- **Material for this exercise**
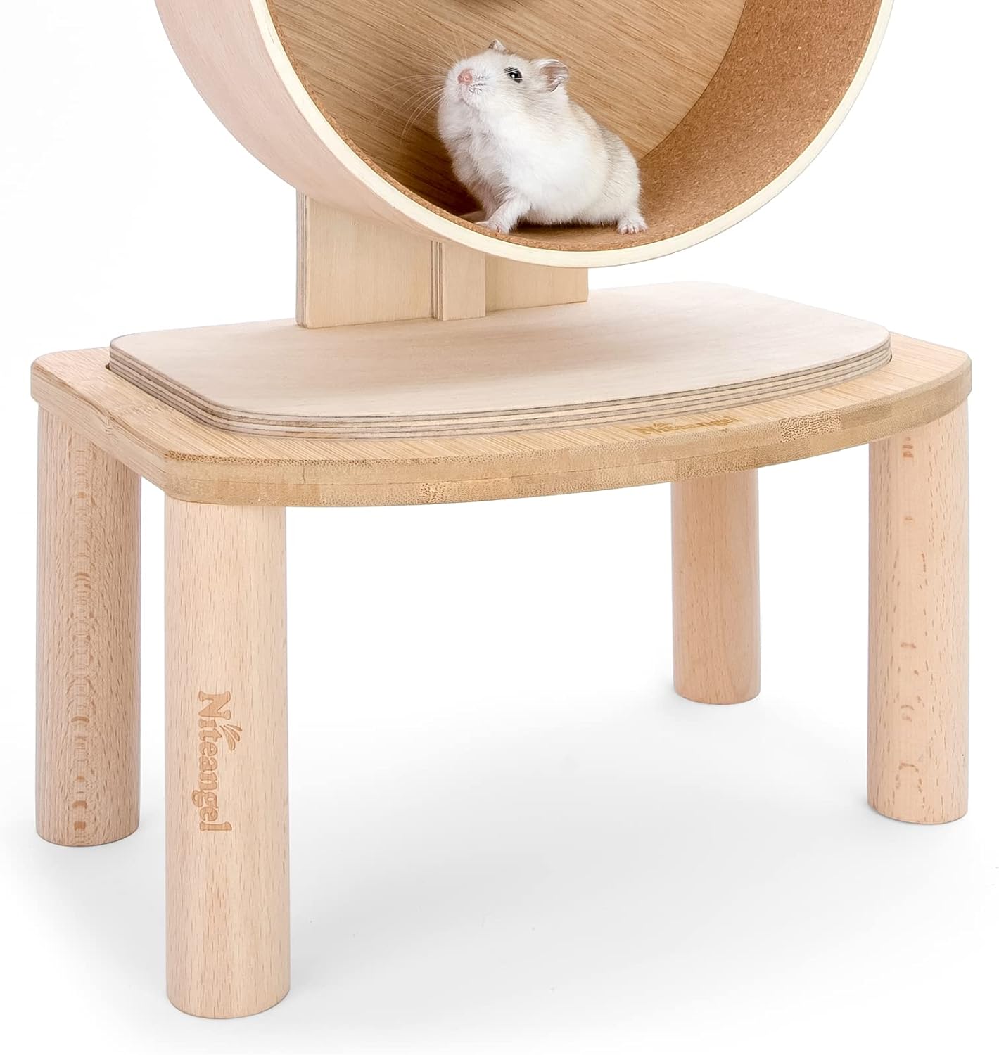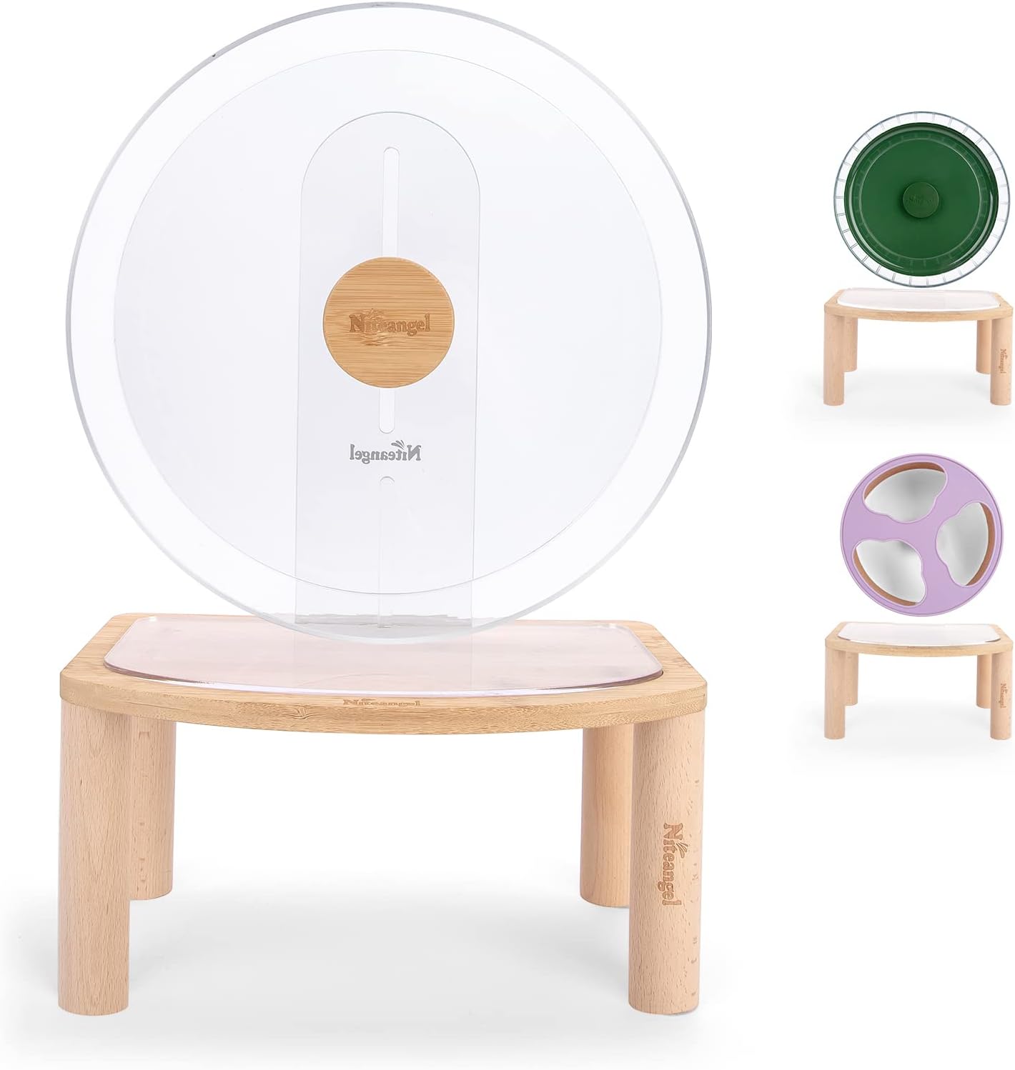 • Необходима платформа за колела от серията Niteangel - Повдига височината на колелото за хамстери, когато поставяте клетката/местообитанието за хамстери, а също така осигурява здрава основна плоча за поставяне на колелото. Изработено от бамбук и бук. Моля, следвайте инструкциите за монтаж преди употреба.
...
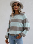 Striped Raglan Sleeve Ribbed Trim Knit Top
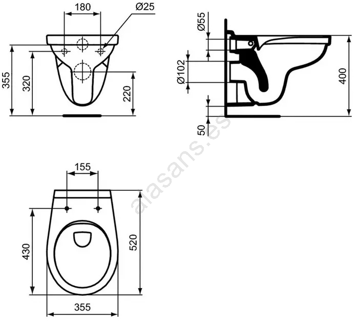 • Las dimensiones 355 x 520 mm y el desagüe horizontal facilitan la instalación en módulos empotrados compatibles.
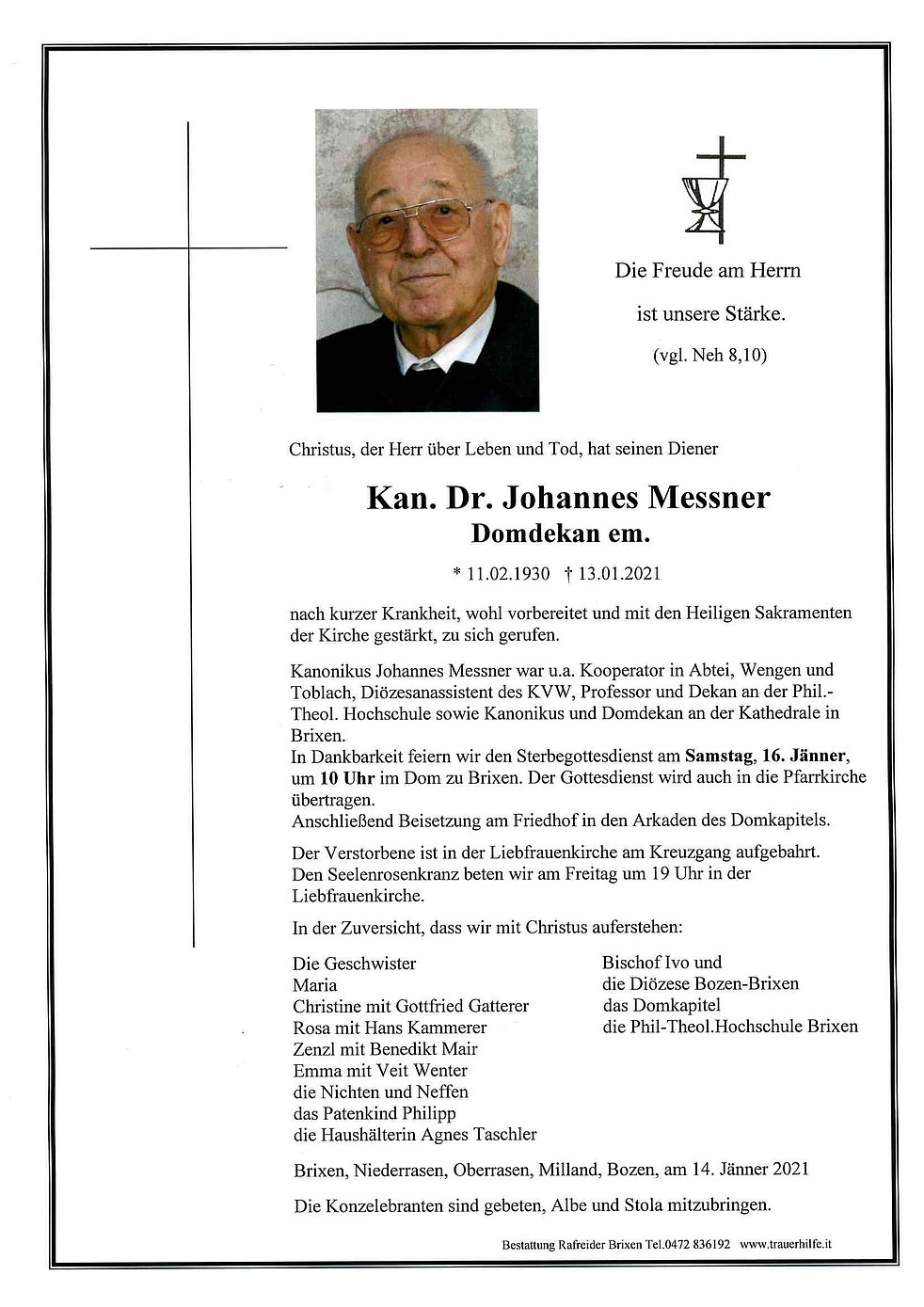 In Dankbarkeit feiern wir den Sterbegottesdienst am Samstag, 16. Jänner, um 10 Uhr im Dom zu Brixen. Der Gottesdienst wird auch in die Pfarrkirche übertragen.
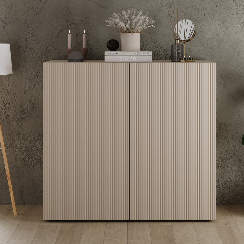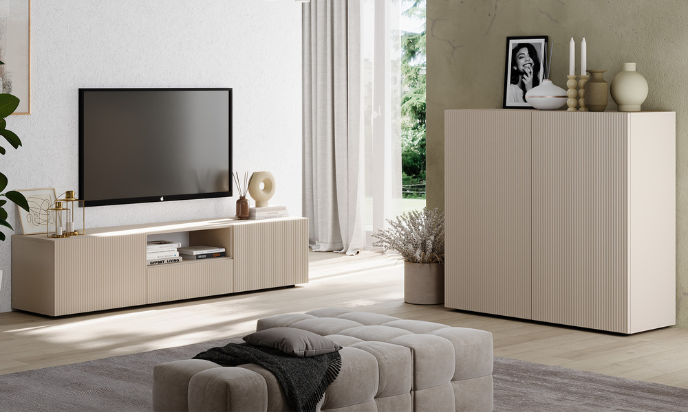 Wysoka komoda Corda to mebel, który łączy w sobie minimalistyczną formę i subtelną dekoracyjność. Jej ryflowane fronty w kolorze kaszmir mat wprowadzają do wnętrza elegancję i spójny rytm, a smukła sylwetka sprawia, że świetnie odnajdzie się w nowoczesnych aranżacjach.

- **Exercise brief**
Write out, word for word, the stretch of entries that begins at the line with "módulos empotrados compatibles." and ends at the line with "In Dankbarkeit feiern". Pictures do not belong in it.

- **Exercise answer**
 • Las dimensiones 355 x 520 mm y el desagüe horizontal facilitan la instalación en módulos empotrados compatibles.
 In Dankbarkeit feiern wir den Sterbegottesdienst am Samstag, 16. Jänner, um 10 Uhr im Dom zu Brixen. Der Gottesdienst wird auch in die Pfarrkirche übertragen.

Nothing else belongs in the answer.